Sierra Leone telah memperingatkan warganya,
menyembunyikan seseorang yang terinfeksi virus ebola merupakan pelanggaran
kriminal serius. Tingkat kemiskinan, disinformasi, pendidikan yang rendah, dan lemahnya
persepsi tentang wabah itu sendiri berkontribusi secara cepat terhadap apa
yang disebut sebagai prahara dunia ketiga.
Lewat binatang
Virus
ebola merupakan salah satu virus paling berbahaya di dunia. Virus ditularkan
lewat kontak dengan darah, cairan tubuh, jaringan hewan, atau manusia yang
terinfeksi. Ebola adalah salah satu penyakit zoonosis, yaitu ditularkan dari
hewan ke manusia. Kelelawar diidentifikasi sebagai hospes alamiah dari virus
ebola dan juga penyakit pernapasan, seperti SARS, MERS, dan hendra/nipah.

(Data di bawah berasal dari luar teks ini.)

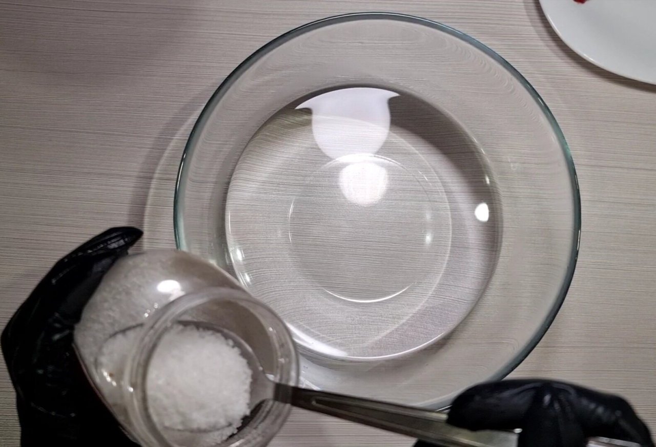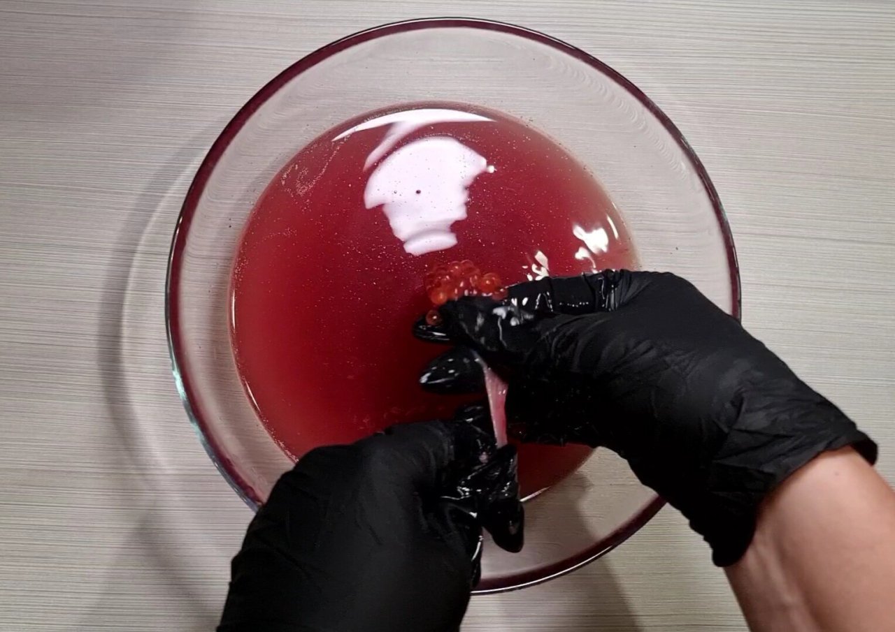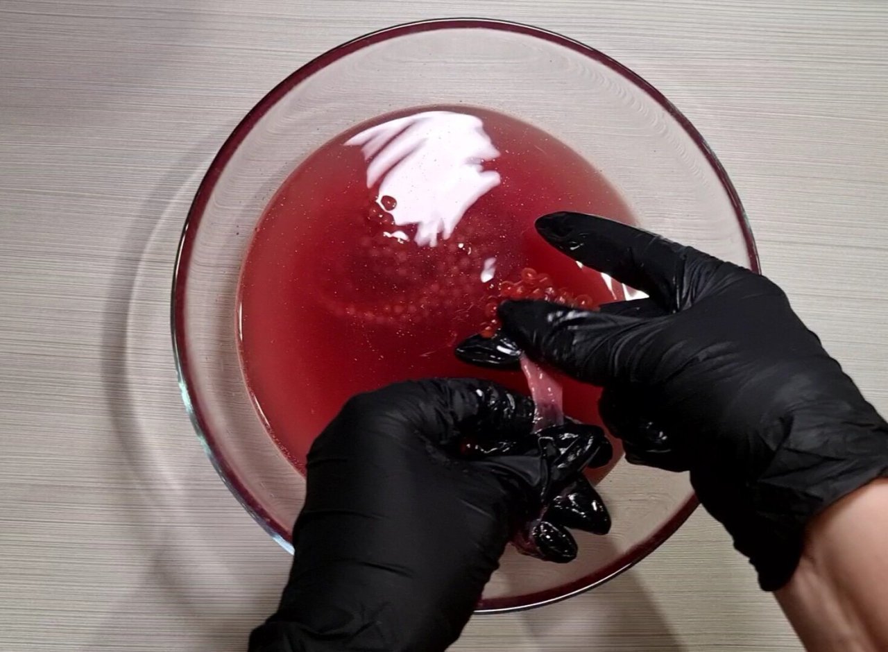 За счёт теплой воды и соли, плёнка, которой покрыта икра побелеет и уплотнится, таким образом ловким движением рук её можно отделить от плёнки.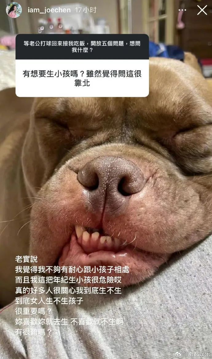 10月8日,女演员陈乔恩在社交平台回复粉丝提问“有想要生小孩吗?”
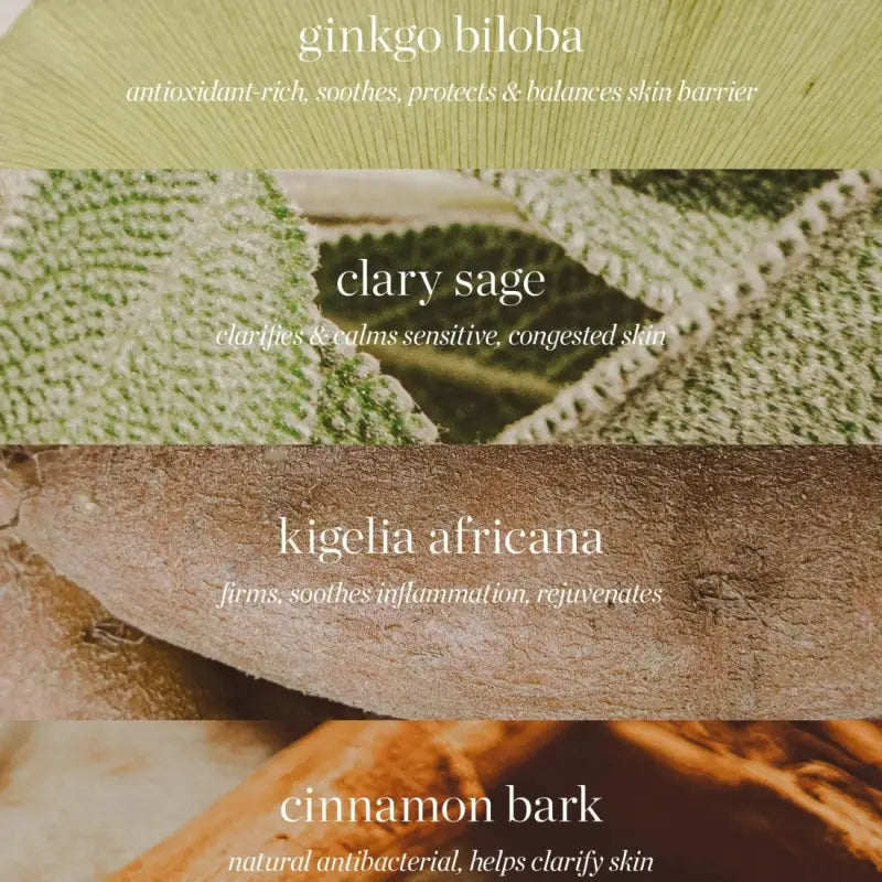 A no-rinse formula specifically designed for sensitive skin and eyes. These concentrated tablets are infused with clinically-backed, high-performance botanicals like antioxidant-rich ginkgo biloba and clary sage to calm and clarify, skin-rejuvenating kigelia africana and antibacterial cinnamon bark. Helps refine pores and control congestion while maintaining hydration and comfort.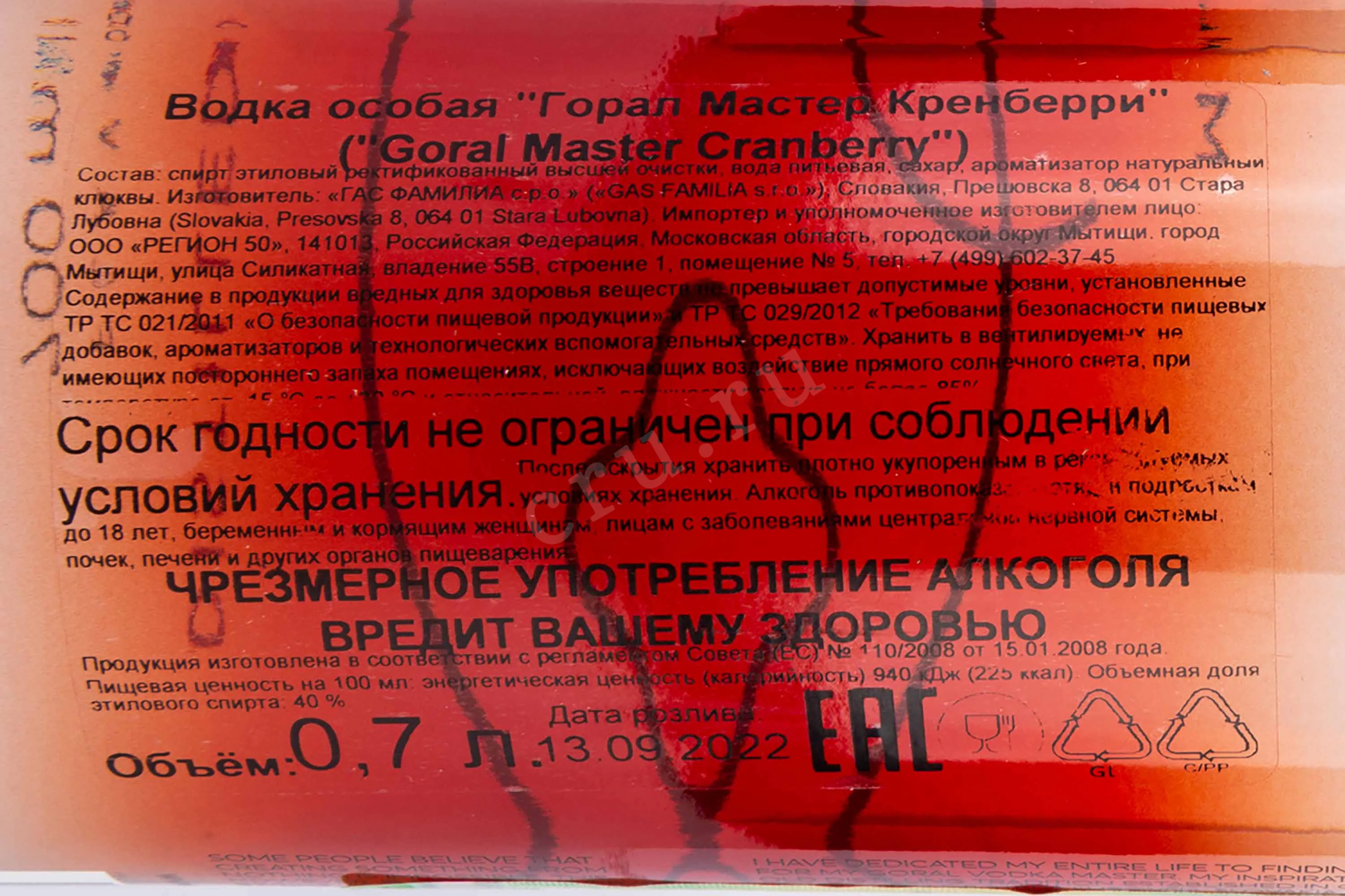 Водка Goral Master Cranberry 0.7 l – это оригинальный словацкий крепкий напиток, выпускаемый на заводе семейной компании Gas Familia. Отборные зерна пшеницы и чистая родниковая вода являются основой этого 40-процентного напитка. Также в состав входит клюквенный экстракт, придающий своеобразную изюминку. Мягкий вкус был достигнут с помощью семикратной дистилляции спирта с последующей очисткой через угольный и алмазный фильтры.

Empat dari lima subtipe virus ebola asli Afrika. Mekanisme penularan dari
kelelawar belum diketahui pasti.
Penyebab
SARS dan MERS adalah sama, yaitu virus korona. Virus SARS bersirkulasi pada
binatang hutan, seperti musang yang biasanya dikonsumsi manusia di wilayah
selatan Tiongkok. Sementara virus MERS umumnya menginfeksi unta di Timur
Tengah dan kemungkinan menulari manusia lewat konsumsi susu unta mentah.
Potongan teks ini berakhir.